►

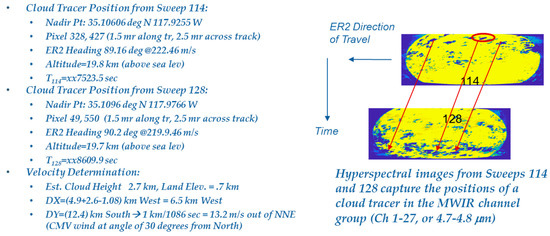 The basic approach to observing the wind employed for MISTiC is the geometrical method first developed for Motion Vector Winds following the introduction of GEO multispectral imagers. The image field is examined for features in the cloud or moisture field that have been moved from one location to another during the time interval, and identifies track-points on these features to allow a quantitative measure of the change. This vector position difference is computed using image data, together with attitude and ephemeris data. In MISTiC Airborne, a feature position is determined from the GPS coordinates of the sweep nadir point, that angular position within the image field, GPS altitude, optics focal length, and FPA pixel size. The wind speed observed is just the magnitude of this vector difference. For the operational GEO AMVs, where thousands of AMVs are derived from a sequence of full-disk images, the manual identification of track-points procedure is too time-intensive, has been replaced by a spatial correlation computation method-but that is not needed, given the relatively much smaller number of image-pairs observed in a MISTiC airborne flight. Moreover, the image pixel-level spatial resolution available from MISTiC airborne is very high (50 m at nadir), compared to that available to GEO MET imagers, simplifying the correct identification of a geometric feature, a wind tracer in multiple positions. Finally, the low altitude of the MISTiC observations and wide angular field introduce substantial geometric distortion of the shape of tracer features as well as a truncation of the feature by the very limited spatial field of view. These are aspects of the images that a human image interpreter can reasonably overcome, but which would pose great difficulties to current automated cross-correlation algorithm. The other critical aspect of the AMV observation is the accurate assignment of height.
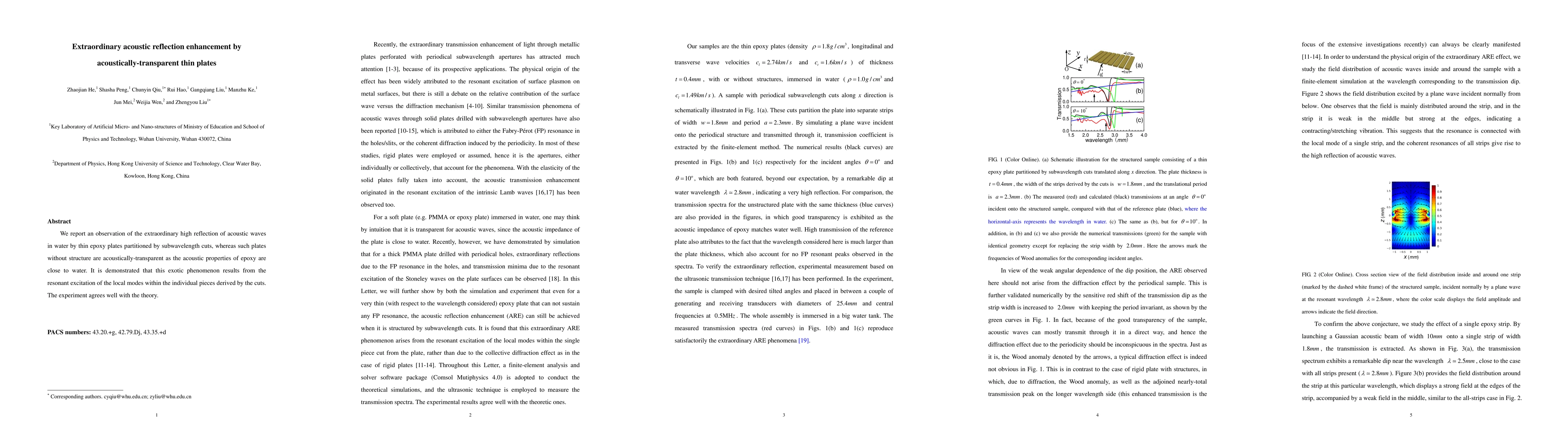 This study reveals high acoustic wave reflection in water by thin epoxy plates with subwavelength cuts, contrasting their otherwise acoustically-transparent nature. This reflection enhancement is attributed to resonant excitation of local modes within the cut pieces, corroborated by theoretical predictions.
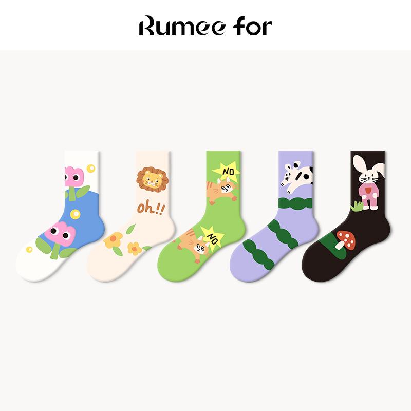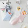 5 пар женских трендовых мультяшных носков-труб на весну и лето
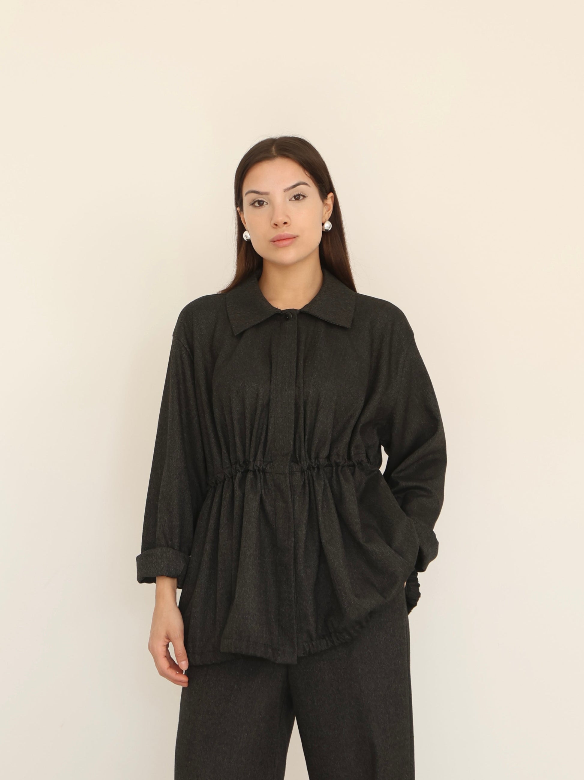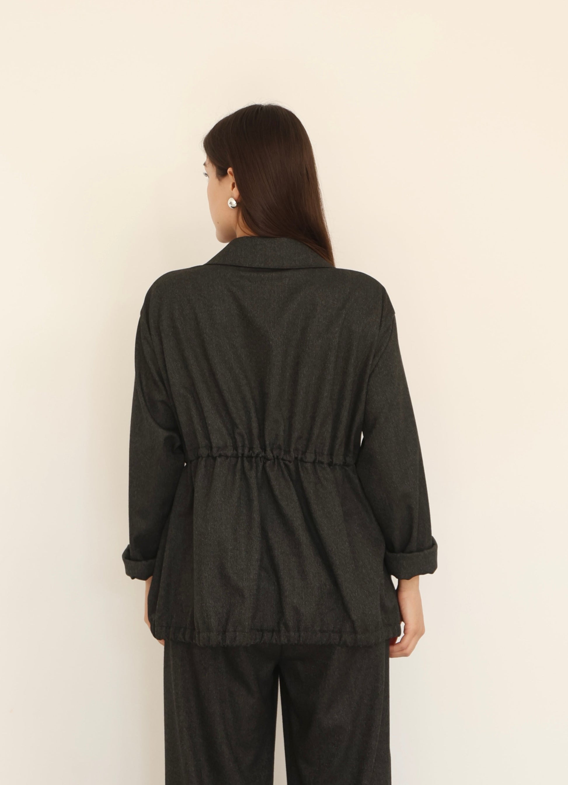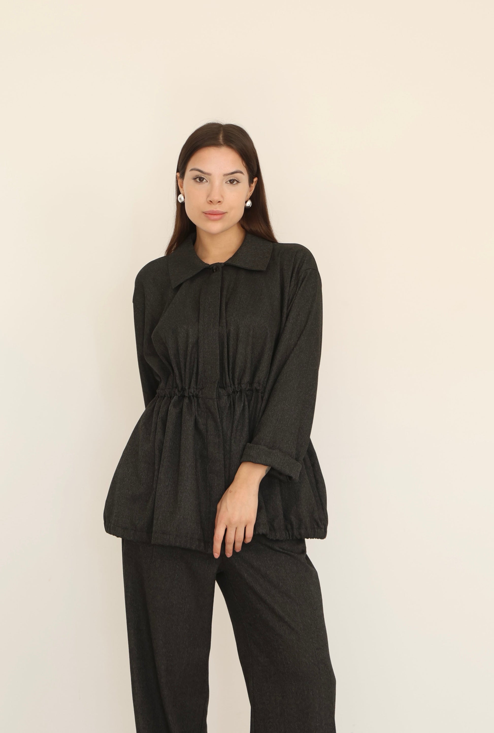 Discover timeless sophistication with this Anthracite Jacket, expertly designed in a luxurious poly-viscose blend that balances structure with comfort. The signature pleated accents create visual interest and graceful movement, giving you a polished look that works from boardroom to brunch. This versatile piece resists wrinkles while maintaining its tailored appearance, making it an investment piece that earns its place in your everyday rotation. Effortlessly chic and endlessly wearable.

◄

## AIM OF THE TASK
Your copy should hold the lines from the one with "This study reveals" up to and including the one with "5 пар женских", exactly as in the data above, and no pictures.

## SOLUTION TO THIS TASK
 This study reveals high acoustic wave reflection in water by thin epoxy plates with subwavelength cuts, contrasting their otherwise acoustically-transparent nature. This reflection enhancement is attributed to resonant excitation of local modes within the cut pieces, corroborated by theoretical predictions.
 5 пар женских трендовых мультяшных носков-труб на весну и лето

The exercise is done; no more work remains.